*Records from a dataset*
********

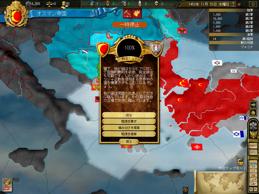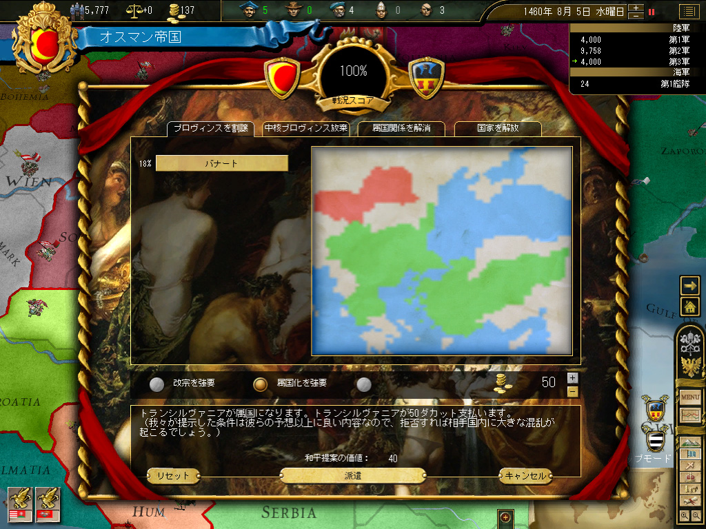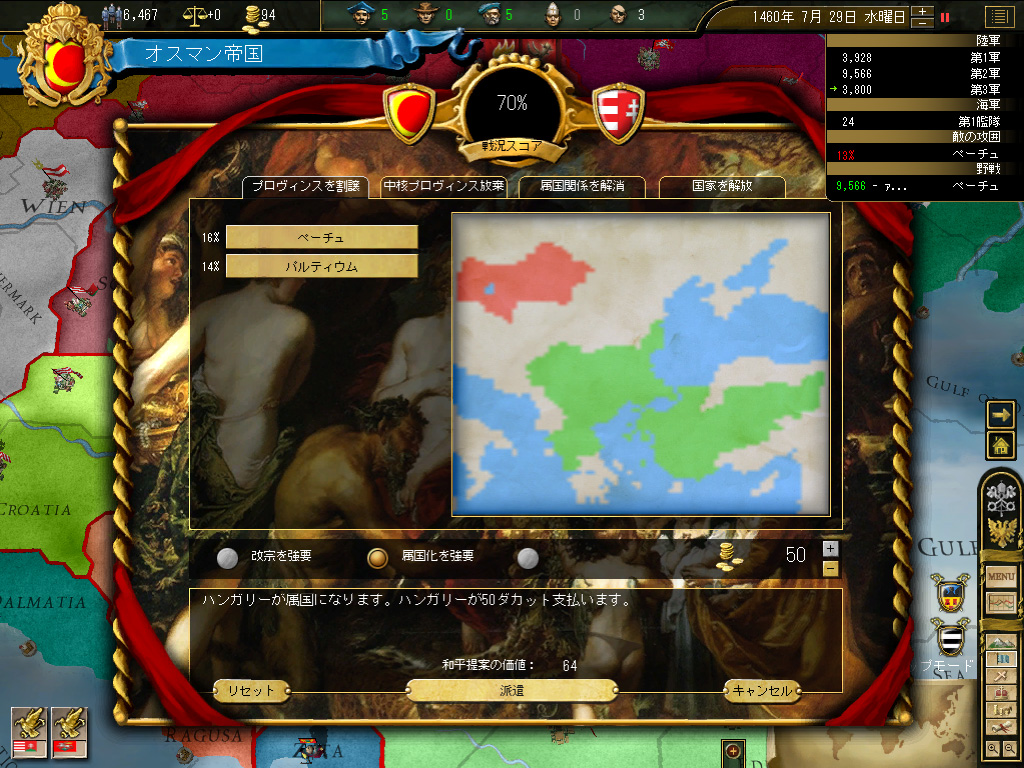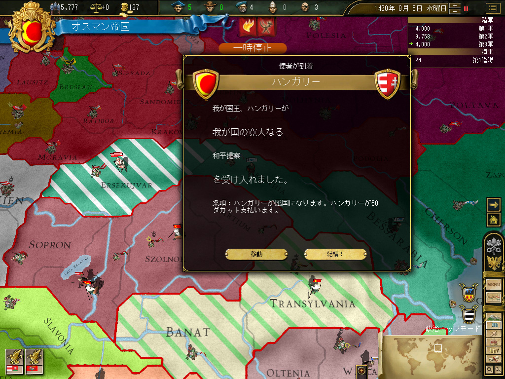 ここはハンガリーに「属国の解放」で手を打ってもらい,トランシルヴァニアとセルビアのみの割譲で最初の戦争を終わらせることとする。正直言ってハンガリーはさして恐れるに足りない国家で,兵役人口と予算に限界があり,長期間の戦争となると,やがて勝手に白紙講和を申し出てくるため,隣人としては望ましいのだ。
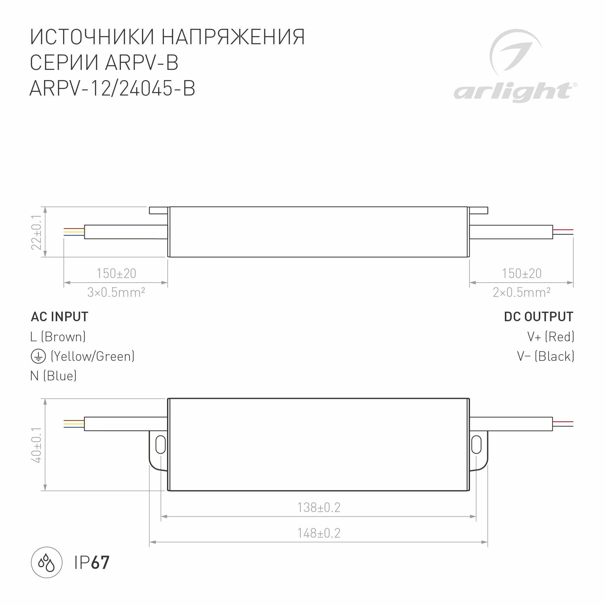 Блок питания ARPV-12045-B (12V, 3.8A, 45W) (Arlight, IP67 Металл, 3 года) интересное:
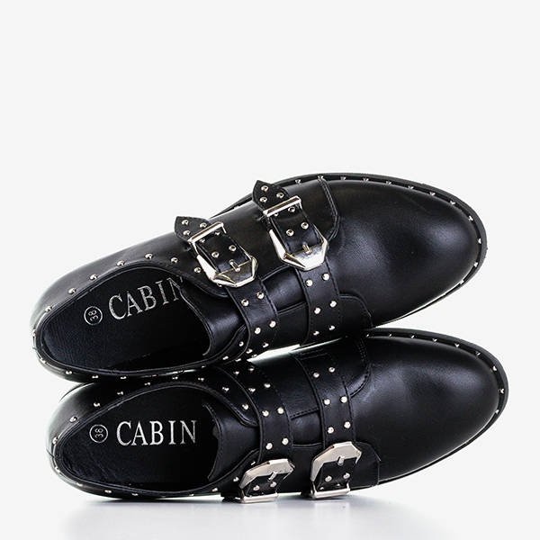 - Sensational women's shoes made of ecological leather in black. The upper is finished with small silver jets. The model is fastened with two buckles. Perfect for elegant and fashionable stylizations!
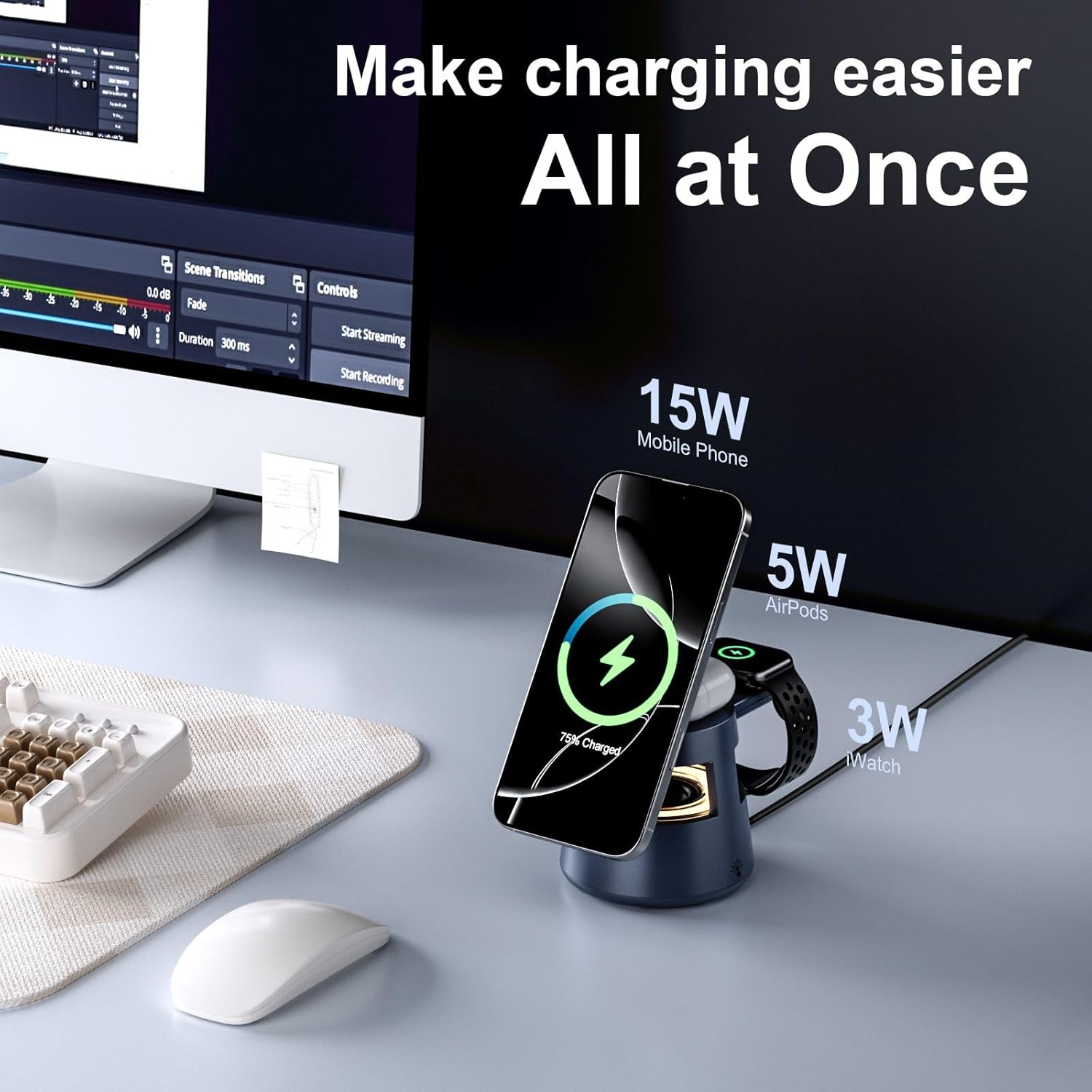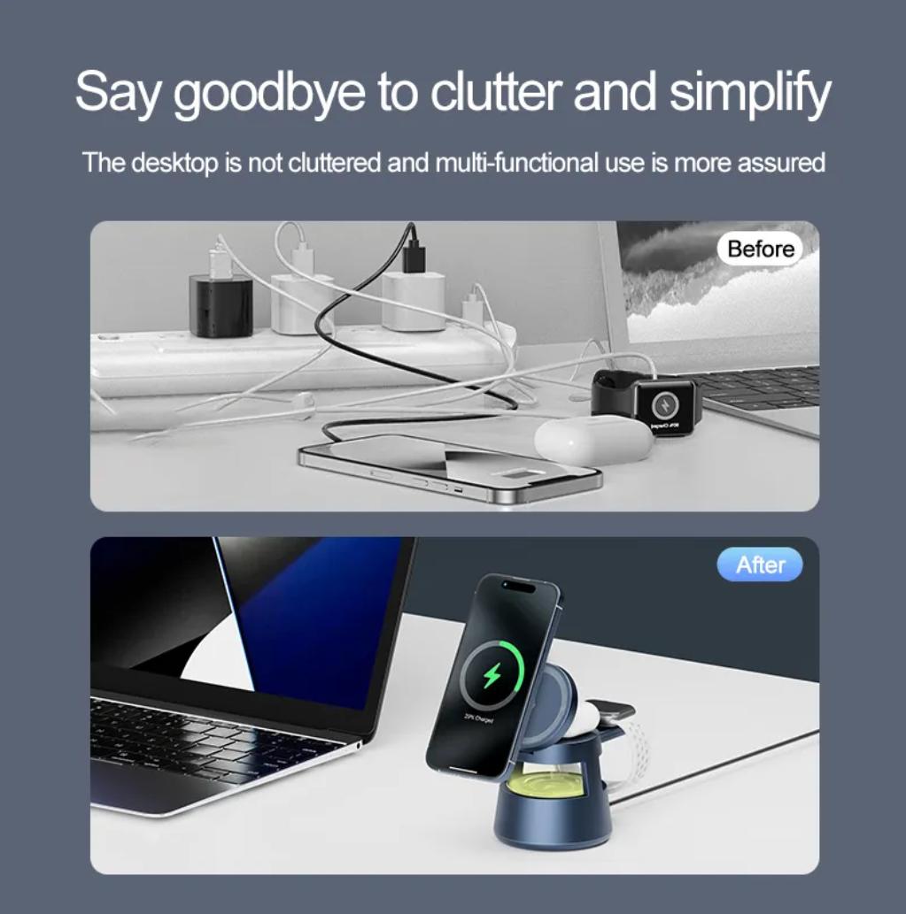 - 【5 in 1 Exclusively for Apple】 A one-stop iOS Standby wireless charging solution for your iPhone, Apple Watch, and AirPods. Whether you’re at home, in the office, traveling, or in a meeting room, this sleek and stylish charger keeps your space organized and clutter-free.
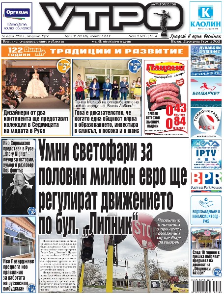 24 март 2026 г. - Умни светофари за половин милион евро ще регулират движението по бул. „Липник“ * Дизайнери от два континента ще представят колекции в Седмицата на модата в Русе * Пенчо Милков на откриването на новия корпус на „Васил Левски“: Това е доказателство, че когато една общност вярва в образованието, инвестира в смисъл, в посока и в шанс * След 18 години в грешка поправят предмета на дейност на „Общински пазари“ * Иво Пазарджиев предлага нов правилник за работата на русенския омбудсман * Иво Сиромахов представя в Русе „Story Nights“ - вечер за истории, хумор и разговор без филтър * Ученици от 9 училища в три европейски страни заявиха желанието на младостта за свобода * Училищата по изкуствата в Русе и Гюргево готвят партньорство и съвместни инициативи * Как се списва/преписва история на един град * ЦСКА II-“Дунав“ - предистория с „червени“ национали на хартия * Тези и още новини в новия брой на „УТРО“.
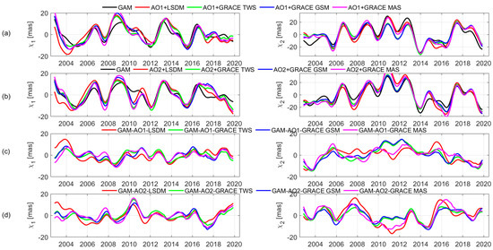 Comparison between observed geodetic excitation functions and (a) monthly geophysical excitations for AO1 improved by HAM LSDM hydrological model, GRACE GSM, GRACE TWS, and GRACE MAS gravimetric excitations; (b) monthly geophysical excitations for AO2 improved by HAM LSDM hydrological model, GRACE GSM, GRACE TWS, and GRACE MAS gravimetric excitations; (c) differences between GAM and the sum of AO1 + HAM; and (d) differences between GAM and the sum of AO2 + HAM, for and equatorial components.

********

*EXERCISE*
Word for word, restate the lines above from the first through the one that contains "Блок питания ARPV-12045-B", and exclude all pictures.

*WRITTEN ANSWER*
 ここはハンガリーに「属国の解放」で手を打ってもらい,トランシルヴァニアとセルビアのみの割譲で最初の戦争を終わらせることとする。正直言ってハンガリーはさして恐れるに足りない国家で,兵役人口と予算に限界があり,長期間の戦争となると,やがて勝手に白紙講和を申し出てくるため,隣人としては望ましいのだ。
 Блок питания ARPV-12045-B (12V, 3.8A, 45W) (Arlight, IP67 Металл, 3 года) интересное:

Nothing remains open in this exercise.